Nasional Kediri Raya Sports Ekonomi Bisnis Pendidikan Lifestyle Khazanah Opini Seni & Budaya RK Institute Portal Kampus Internasional

NIK Tidak Sama, Tujuh Santri di Ponpes Ploso Mojo Kediri Urung Mencoblos

Muhamad Asad Muhamiyus Sidqi • Kamis, 28 November 2024 | 17:12 WIB

 

Photo
Photo

JP RADAR KEDIRI- Pemungutan suara di Kabupaten Kediri kemarin diwarnai dengan adanya pemilih yang batal menggunakan hak suaranya. Hal tersebut dipicu karena adanya nomor induk kependudukan (NIK) yang berbeda.

Adalah Badan Pengawas Pemilu (Bawaslu) Kabupaten Kediri yang menemukan adanya NIK berbeda di TPS Ponpes Ploso.

Di sana, NIK pemilih yang tertera di Kartu Tanda Penduduk (KTP) berbeda dengan yang tertera di absensi daftar pemilih tetap (DPT).

Karenanya, petugas kelompok penyelenggara pemungutan suara (KPPS) menolak pemilih dengan NIK berbeda tersebut. Sehingga, mereka harus kehilangan hak pilihnya.

Ketua Bawaslu Kabupaten Kediri Saifudin Zuhri mengatakan, ada sembilan pemilih di TPS lokasi khusus yang bermasalah.

 Baca Juga: Dua Calon Kepala Daerah di Kediri Kalah di TPS Sendiri, Siapa Mereka?

“Data indentitas dirinya tidak sinkron. Antara NIK di absensi DPT dengan yang ada di KTP berbeda. Namanya sama namun NIK-nya berbeda,” kata Saifudin.

Dua temuan di antaranya ada di TPS 901. Adapun tujuh lainnya ditemukan di TPS 903 Desa Ploso, Mojo.

Untuk dua pemilih di TPS 903, data di KTP dan di DPT sama. Namun, data di undangannya berbeda.

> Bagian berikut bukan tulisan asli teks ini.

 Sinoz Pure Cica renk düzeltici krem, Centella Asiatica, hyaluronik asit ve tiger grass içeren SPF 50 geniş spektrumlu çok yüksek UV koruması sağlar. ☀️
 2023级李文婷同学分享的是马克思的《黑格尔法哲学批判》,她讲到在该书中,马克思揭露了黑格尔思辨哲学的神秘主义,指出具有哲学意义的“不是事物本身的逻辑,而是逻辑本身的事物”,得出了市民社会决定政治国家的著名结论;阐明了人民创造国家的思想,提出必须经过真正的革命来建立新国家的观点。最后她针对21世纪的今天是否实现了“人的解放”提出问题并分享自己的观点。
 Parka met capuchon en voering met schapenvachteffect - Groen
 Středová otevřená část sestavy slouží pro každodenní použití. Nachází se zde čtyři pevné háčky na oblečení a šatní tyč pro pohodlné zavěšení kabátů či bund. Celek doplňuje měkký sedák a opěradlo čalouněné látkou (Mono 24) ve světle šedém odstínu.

Untuk kasus tersebut, mereka masih bisa memilih.

Nasib berbeda dialami tujuh pemilih di TPS 903. Mereka ditolak dan batal mencoblos karena data di KTP dan DPT berbeda.

“Kalau diizinkan mencoblos justru salah dan tidak sesuai aturan karena data dirinya yang tidak sesuai,” lanjutnya.

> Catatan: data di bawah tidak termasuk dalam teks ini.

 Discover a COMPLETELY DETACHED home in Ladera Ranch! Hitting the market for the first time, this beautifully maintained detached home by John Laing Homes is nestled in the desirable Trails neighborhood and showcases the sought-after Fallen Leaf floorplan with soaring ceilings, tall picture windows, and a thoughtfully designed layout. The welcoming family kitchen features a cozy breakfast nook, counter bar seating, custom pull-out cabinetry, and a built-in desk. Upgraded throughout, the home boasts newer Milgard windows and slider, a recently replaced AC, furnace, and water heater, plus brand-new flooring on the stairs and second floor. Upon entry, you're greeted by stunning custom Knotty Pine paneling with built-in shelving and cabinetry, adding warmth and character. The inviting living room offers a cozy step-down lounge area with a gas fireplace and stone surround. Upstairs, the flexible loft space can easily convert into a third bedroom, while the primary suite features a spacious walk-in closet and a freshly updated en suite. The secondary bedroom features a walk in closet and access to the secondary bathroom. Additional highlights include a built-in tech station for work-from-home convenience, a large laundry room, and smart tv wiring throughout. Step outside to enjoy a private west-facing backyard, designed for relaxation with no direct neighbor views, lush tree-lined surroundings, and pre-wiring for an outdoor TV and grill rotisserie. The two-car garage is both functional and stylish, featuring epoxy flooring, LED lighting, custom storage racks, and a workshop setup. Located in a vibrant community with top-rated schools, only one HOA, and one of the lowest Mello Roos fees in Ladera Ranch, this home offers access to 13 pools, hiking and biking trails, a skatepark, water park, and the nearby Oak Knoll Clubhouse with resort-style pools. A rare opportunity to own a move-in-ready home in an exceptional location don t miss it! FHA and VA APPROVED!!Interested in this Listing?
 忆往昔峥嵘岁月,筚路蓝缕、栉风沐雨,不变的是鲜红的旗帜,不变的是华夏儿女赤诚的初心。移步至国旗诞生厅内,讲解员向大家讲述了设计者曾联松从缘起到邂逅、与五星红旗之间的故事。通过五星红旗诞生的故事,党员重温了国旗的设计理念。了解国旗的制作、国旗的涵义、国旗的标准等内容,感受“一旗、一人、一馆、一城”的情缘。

Kesalahan data itu menurut Saifudin bisa terjadi karena banyaknya santri yang memiliki nama sama.

 Baca Juga: Versi Hasil Hitung Cepat, Dhito dan Vinanda Unggul di Pilkada Kediri Raya

Sehingga, dimungkinkan petugas yang mengirimkan undangan salah orang. Sehingga, saat dicek dengan absensi DPT, ada perbendaan identitas.

Lebih jauh Saifudin menyebut, di TPS lokasi khusus tingkat kehadirannya tidak 100 persen. Melainkan hanya sekitar 60 persen saja.

“Walaupun tidak 100 persen namun ini kehadirannya lebih banyak dari pemilu lalu. Pemilu lalu justru jauh lebih sedikit,” terangnya.

Kehadiran pemilih yang tidak 100 persen ini dibenarkan oleh Khotibul Umam, ketua KPPS 903. Menurutnya dari 514 jumlah pemilih, hanya 240 orang yang mencoblos.

“Ada yang tidak hadir, bisa jadi karena tidur kesiangan, karena ini libur, atau mungkin sakit,” papar Umam sembari menyebut ada 50 undangan yang tidak tersampaikan karena santri telanjur boyongan.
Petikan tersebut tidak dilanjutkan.